Figure 2-4 illustrates the various settings that are available for audio, including channel assignment. This information panel in QuickTime Player lets users modify some aspects of a movie’s audio, such as volume, balance, bass, and treble.


Figure 2-4  Audio settings dialog, including channel assignment

Figure 2-4 Audio settings dialog, including channel assignment

Figure 2-5 illustrates the Sound Settings dialog in QuickTime 7 for Windows. This audio compression settings dialog comes up during an export.


Figure 2-5  Sound settings dialog that includes user-definable choices for format, channels, and rate of audio playback

Figure 2-5 Sound settings dialog that includes user-definable choices for format, channels, and rate of audio playback

Export

Export of high-resolution audio is likewise transparent at the high level. Export at the lower levels requires some additional code. Your application must “opt in” to the new audio features explicitly if it “talks” directly to an export component instance. You do this by calling QTSetComponentProperty on the exporter component instance and passing in the kQTMovieExporterPropertyID_EnableHighResolutionAudioFeatures property. This is illustrated in the code sample Listing 2-6.

Sound Description Creation and Accessor Functions

QuickTime 7 for Windows provides new functions that let you create, access, and convert sound descriptions.

Sound descriptions can take three basic inputs: an AudioStreamBasicDescription, a channel layout, and a magic cookie. Sound descriptions are now treated as if they are opaque. In QuickTime 7, when you are handed a sound description, for example, you don’t have to go in and look at the version field.

If you want to create a sound description, you can simply hand it an AudioStreamBasicDescription, an optional channel layout if you have one, and an optional magic cookie if you need one for the described audio format. Note that it is the format (codec) of the audio that determines whether it needs a magic cookie, not the format of the sound description.

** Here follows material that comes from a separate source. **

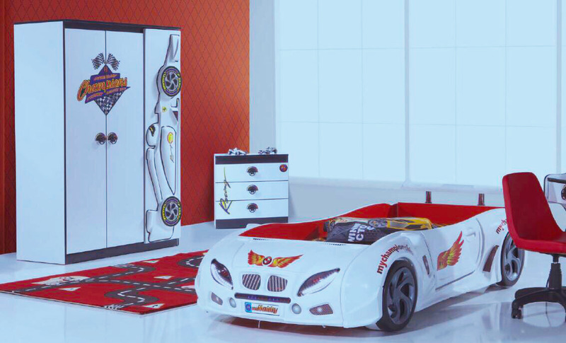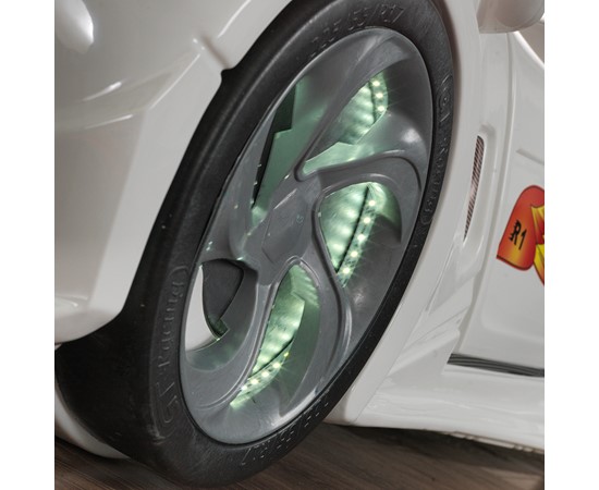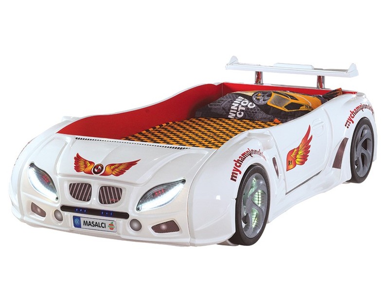 Детская кровать в виде машины очень похожа на БМВ и представляет собой объемную конструкцию, которая производится из безопасного ABS ― пластика, путем термопласт обработки. Обтекаемые формы и круглый бока не только привлекательно смотрятся, но безопасны в эксплуатации в детской комнате. Колеса кровати пластиковые, объемные, не съемные. Светятся фары и бегущая полоса на фасаде.

By calling QTSoundDescriptionCreate, you can make a sound description of any version you choose––for example, one that is of the lowest possible version, given that it is stereo and 16-bit, or one of any particular version you want or request.

The main point about the new API is the capability provided to create a sound description and the usage of new property getters and setters. To accomplish this, follow these steps:

  1. Get an AudioStreamBasicDescription from a sound description.

  2. Get a channel layout from a sound description (if there is one).

  3. Get the magic cookie from magic cookie (if there is one).

You can also:

  1. Get a user-readable textual description of the format described by the SoundDescription.

  2. Add or replace a channel layout to an existing sound description. For example, this is what QuickTime Player does in the properties panel where the user can change the channel assignments.

  3. Add a magic cookie to a sound description. (This is not needed very often unless you are writing a movie importer, for example.)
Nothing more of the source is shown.